Deficiências e Necessidades Relacionadas à Saúde
Deficiências e Necessidades Relacionadas à Saúde
A ETS está comprometida em atender candidatos com deficiências ou necessidades relacionadas à saúde, oferecendo serviços e acomodações razoáveis apropriadas conforme o propósito específico do teste. Esta versão abreviada de nossas diretrizes de documentação para cegueira e baixa visão é fornecida como referência rápida. Para detalhes completos, por favor, consulte as "Diretrizes da ETS para Documentação de Cegueira e Baixa Visão em Adolescentes e Adultos" abaixo.
Nota: Muitas pessoas com deficiência visual podem solicitar adaptações nos testes ETS SEM apresentar documentação de sua deficiência. Referência à Seção IV, "Quem deve apresentar documentação de um profissional qualificado?", da declaração da política.
Para aqueles que PRECISAM apresentar documentação de deficiência visual, a Declaração de Documentação Visual do ETS tem três partes:
A Declaração de Documentação da Visão deve:
Consulte a Seção V, A da declaração de política.
2013
Escritório de Política de Deficiência
Serviço de Testes Educacionais
Princeton, NJ 08541
O optometrista ou oftalmologista, o prestador de serviços para pessoas com deficiência visual e o examinador com deficiência visual devem receber e ler este documento completo.
O optometrista ou oftalmologista deve preencher SOMENTE a Parte 1 da Declaração de Documentação da Visão e então enviá-la ao examinador.
O prestador de serviços para pessoas com deficiência deve preencher SOMENTE a Parte 2 (se aplicável) da Declaração de Documentação da Visão e enviá-la ao candidato.
O candidato deve preencher SOMENTE a Parte 3 da Declaração de Documentação da Visão.
O examinador deve então submeter as Partes 1 e 3, e a Parte 2 se aplicável, ao ETS.
Essas diretrizes têm como objetivo ajudar candidatos com diversas deficiências visuais a identificar materiais profissionais adequados para apoiar solicitações de adaptação. Essa documentação é necessária para validar tanto a presença de uma deficiência quanto a necessidade de acomodações razoáveis para candidatos que buscam se registrar no Educational Testing Service (ETS).
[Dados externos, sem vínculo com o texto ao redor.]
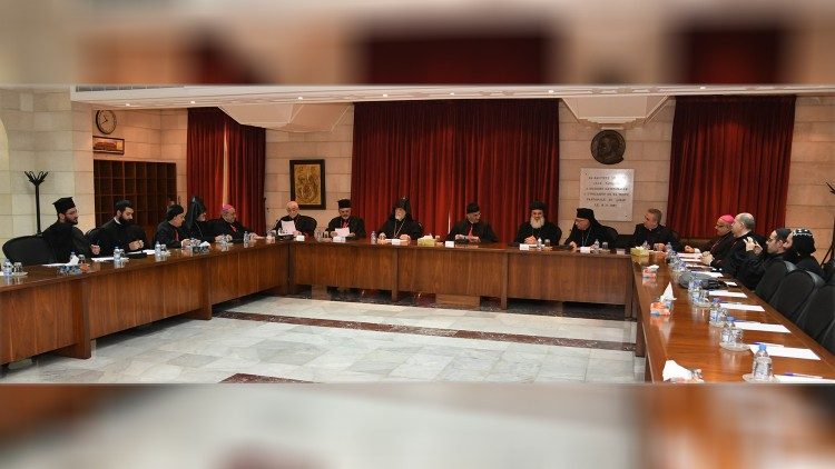 6. يُعرِب الآباء عن بالغ الأسى حيال ما آلت إليه الأوضاع في الدول العربية، ولا سيما في سوريا والعراق وفلسطين، مما يُفاقِم مُعاناة شعوبها، ويُسرِّع هجرتهم إلى أماكن آمنة. وهم يناشدون المسؤولين في هذه البلدان والمجتمع الدَّوليّ العمل على وضع حد للحروب والقتل والدَّمار، والسَّعي الى بناء سلامٍ عادلٍ وشاملٍ على أسس شرعة حقوق الانسان والعدالة والحرِّيَّة والمحبَّة. وحده هذا السَّلام كفيلٌ بفتح الطَّريق أمام لمّ الشمل بين أبناء كل بلد من هذه البلدان، وعودة المهجرين والنَّازحين إلى ديارهم، وتضافر جهودهم لبناء ما تهدَّم في مجتمعاتهم. وإنَّهم يذكرون دائمًا بصلواتهم المخطوفين في سوريا ولا سيَّما أخويهم المطرانين بولس يازجي ويوحنَّا ابراهيم، مطالبِين المجتمع الدَّوليّ الكشف عن مصيرهما والعمل على إعادتهما إلى أبرشيَّتيهما في أقرب وقتٍ ممكن.

Essas diretrizes podem ser usadas para verificar a elegibilidade para adaptações razoáveis e apropriadas, conforme definido na Seção 504 da Lei de Reabilitação conforme alterada, e na Lei de Emendas dos Americanos com Deficiências (ADAAA), sendo destinadas ao uso por examinadores individuais e diagnosticadores qualificados. Após revisarmos seus materiais, podemos solicitar informações adicionais para esclarecer o grau de gravidade da sua deficiência e a razoabilidade das suas solicitações de adaptação. A ETS reconhece que as circunstâncias de cada candidato são únicas e que uma abordagem caso a caso para os requisitos de documentação é útil tanto para indivíduos quanto para seus avaliadores.
O ETS possui diretrizes separadas para documentação de dificuldades de aprendizagem (LD), transtorno de déficit de atenção/hiperatividade (TDAH), perda auditiva, deficiências físicas e condições crônicas relacionadas à saúde, além de deficiências psiquiátricas.
Cegueira legal: No olho mais bom, (1) acuidade visual de 20/200 ou menos com correção, ou (2) uma limitação do campo visual de modo que a parte mais larga do campo visual cubra um ângulo no máximo 20 graus.
Baixa visão: Comprometimento visual severo que normalmente melhora parcialmente, mas não é totalmente resolvido, com lentes corretivas.
Os examinadores devem ter a certeza de que os revisores da documentação sobre deficiência serão sensíveis ao analisar essas informações. Além disso, para salvaguardar a confidencialidade, os avaliadores podem reter ou redigir qualquer parte da documentação que não seja diretamente relevante para os critérios da ETS para estabelecer tanto uma deficiência, conforme definido pela ADAAA, quanto uma justificativa para as acomodações dos testes. A ETS não divulgará nenhuma informação sobre o diagnóstico ou condição médica de um indivíduo sem seu consentimento informado por escrito ou sob coação de processos legais. As informações serão divulgadas apenas com base de "necessidade de saber", exceto quando exigida em contrário por lei.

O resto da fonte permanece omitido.